• TASK REQUIREMENTS:
Copy out the entries that follow exactly, leaving out the pictures.

(Stored data entries)
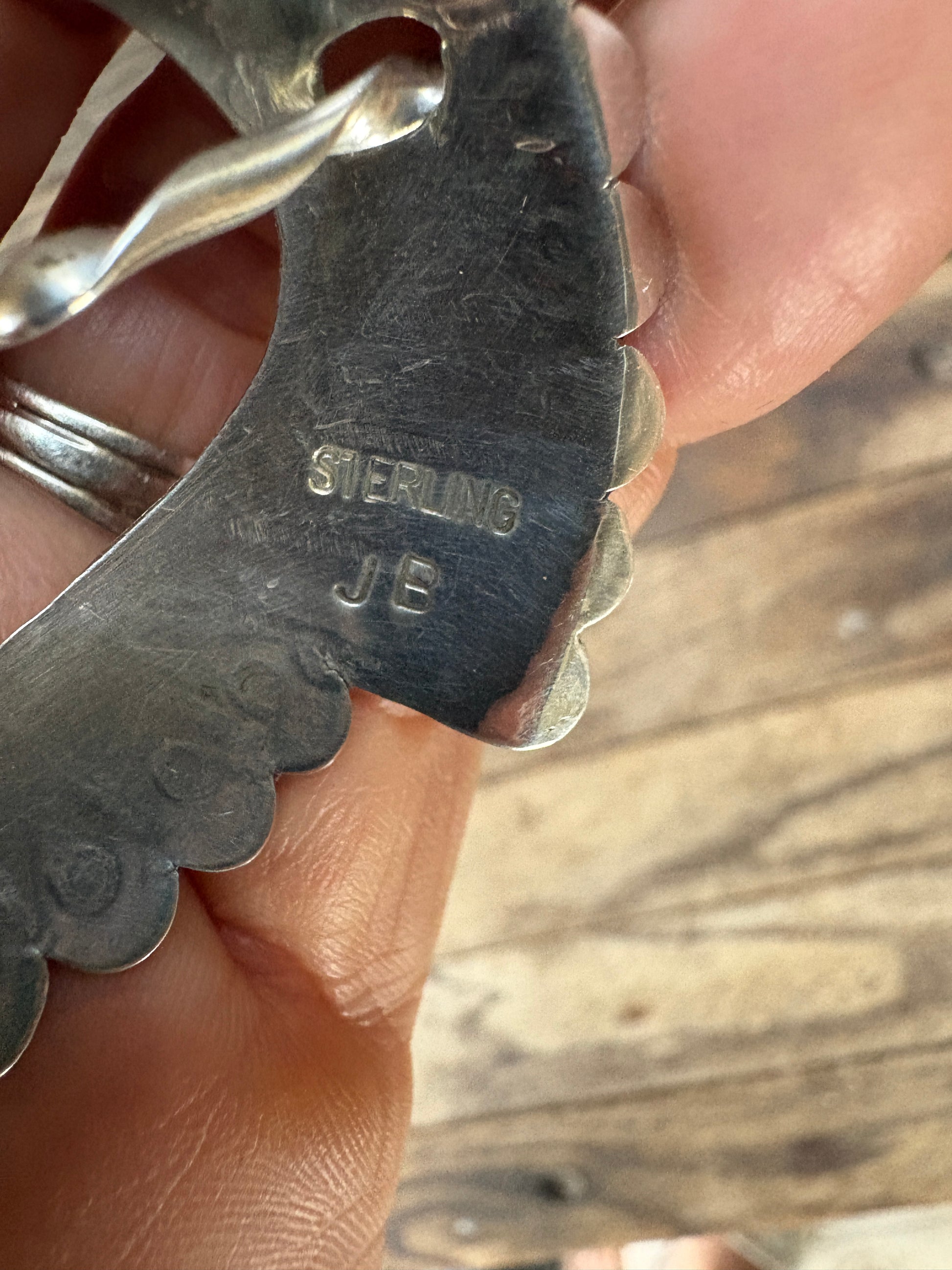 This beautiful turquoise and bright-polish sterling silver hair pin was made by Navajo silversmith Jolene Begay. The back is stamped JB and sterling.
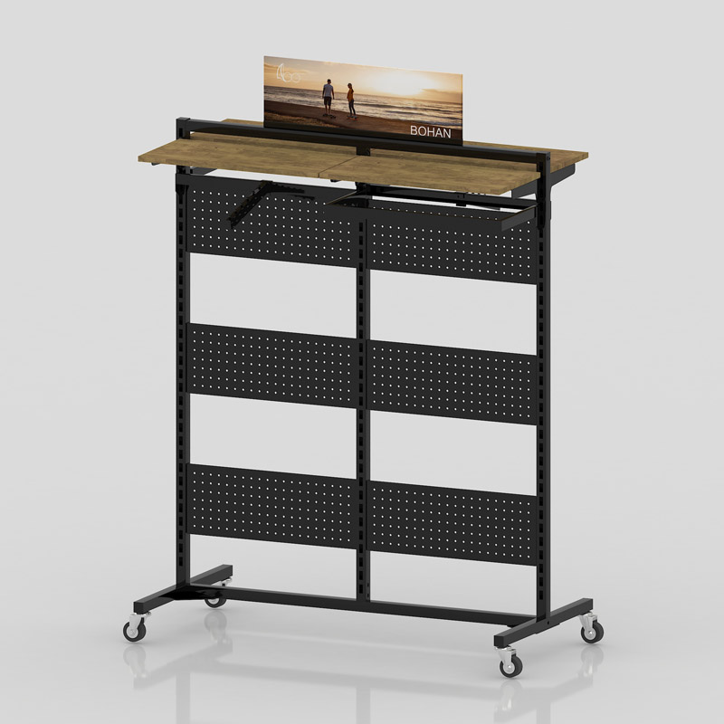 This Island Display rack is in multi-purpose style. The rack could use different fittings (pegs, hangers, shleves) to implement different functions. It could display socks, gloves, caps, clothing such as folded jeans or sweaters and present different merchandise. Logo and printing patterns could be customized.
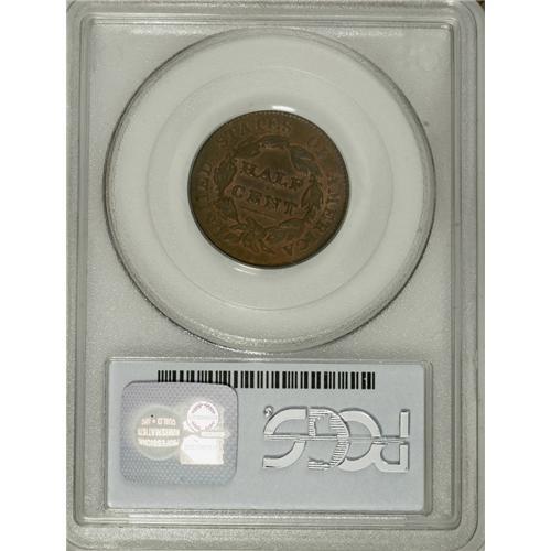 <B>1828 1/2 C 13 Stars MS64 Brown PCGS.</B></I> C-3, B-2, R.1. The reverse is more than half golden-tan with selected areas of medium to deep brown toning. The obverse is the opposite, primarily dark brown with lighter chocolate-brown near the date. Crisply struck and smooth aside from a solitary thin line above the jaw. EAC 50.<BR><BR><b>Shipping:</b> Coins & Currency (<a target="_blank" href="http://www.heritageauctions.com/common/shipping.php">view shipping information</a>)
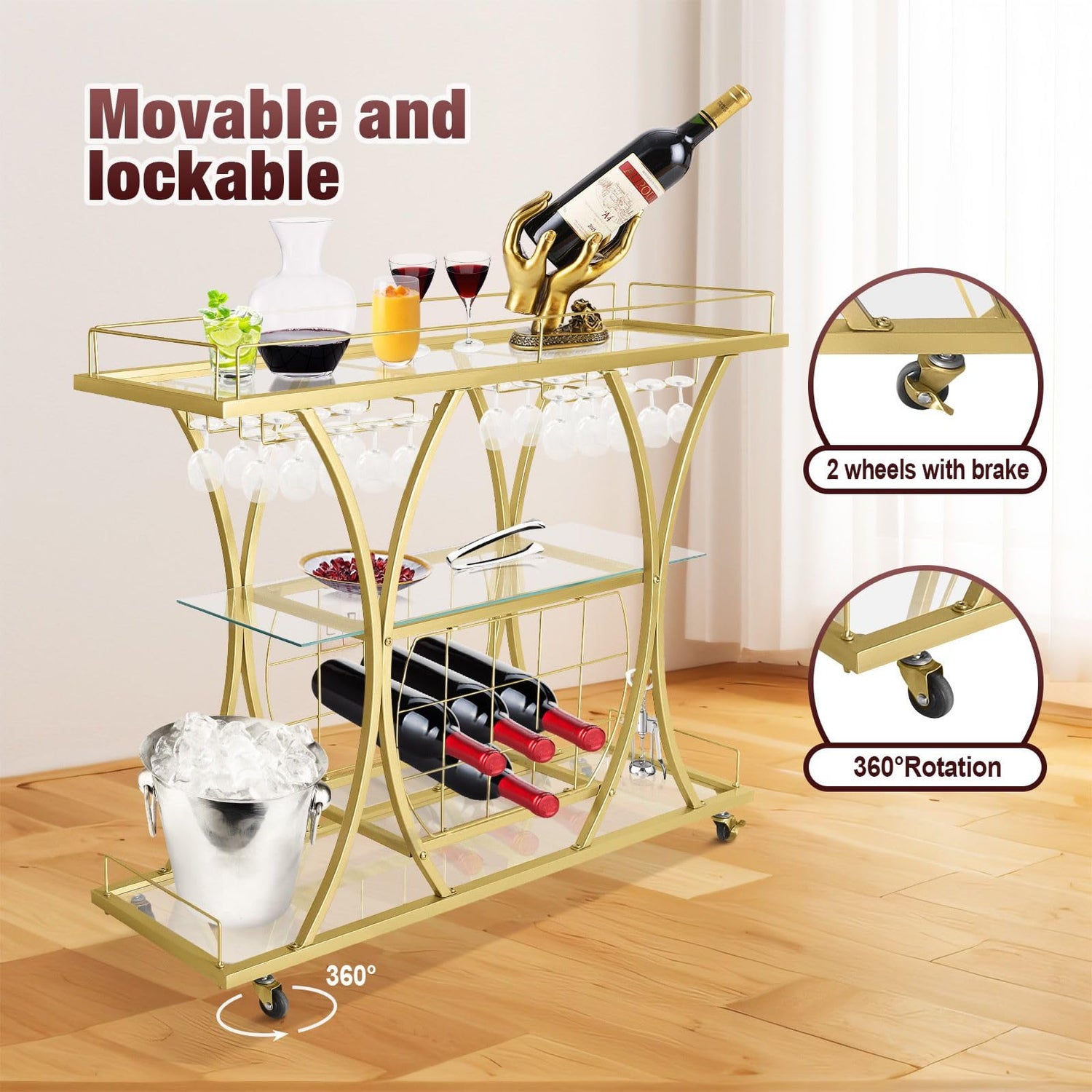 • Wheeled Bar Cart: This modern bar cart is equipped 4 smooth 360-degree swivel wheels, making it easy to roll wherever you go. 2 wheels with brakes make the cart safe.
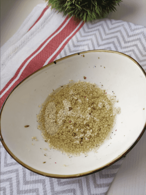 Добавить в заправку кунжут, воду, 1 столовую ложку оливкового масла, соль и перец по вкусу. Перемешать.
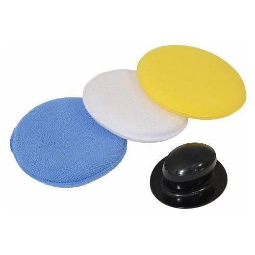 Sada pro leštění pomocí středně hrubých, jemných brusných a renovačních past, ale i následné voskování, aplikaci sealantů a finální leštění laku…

• OUTPUT FOR THIS EXERCISE:
 This beautiful turquoise and bright-polish sterling silver hair pin was made by Navajo silversmith Jolene Begay. The back is stamped JB and sterling.
 This Island Display rack is in multi-purpose style. The rack could use different fittings (pegs, hangers, shleves) to implement different functions. It could display socks, gloves, caps, clothing such as folded jeans or sweaters and present different merchandise. Logo and printing patterns could be customized.
 <B>1828 1/2 C 13 Stars MS64 Brown PCGS.</B></I> C-3, B-2, R.1. The reverse is more than half golden-tan with selected areas of medium to deep brown toning. The obverse is the opposite, primarily dark brown with lighter chocolate-brown near the date. Crisply struck and smooth aside from a solitary thin line above the jaw. EAC 50.<BR><BR><b>Shipping:</b> Coins & Currency (<a target="_blank" href="http://www.heritageauctions.com/common/shipping.php">view shipping information</a>)
 • Wheeled Bar Cart: This modern bar cart is equipped 4 smooth 360-degree swivel wheels, making it easy to roll wherever you go. 2 wheels with brakes make the cart safe.
 Добавить в заправку кунжут, воду, 1 столовую ложку оливкового масла, соль и перец по вкусу. Перемешать.
 Sada pro leštění pomocí středně hrubých, jemných brusných a renovačních past, ale i následné voskování, aplikaci sealantů a finální leštění laku…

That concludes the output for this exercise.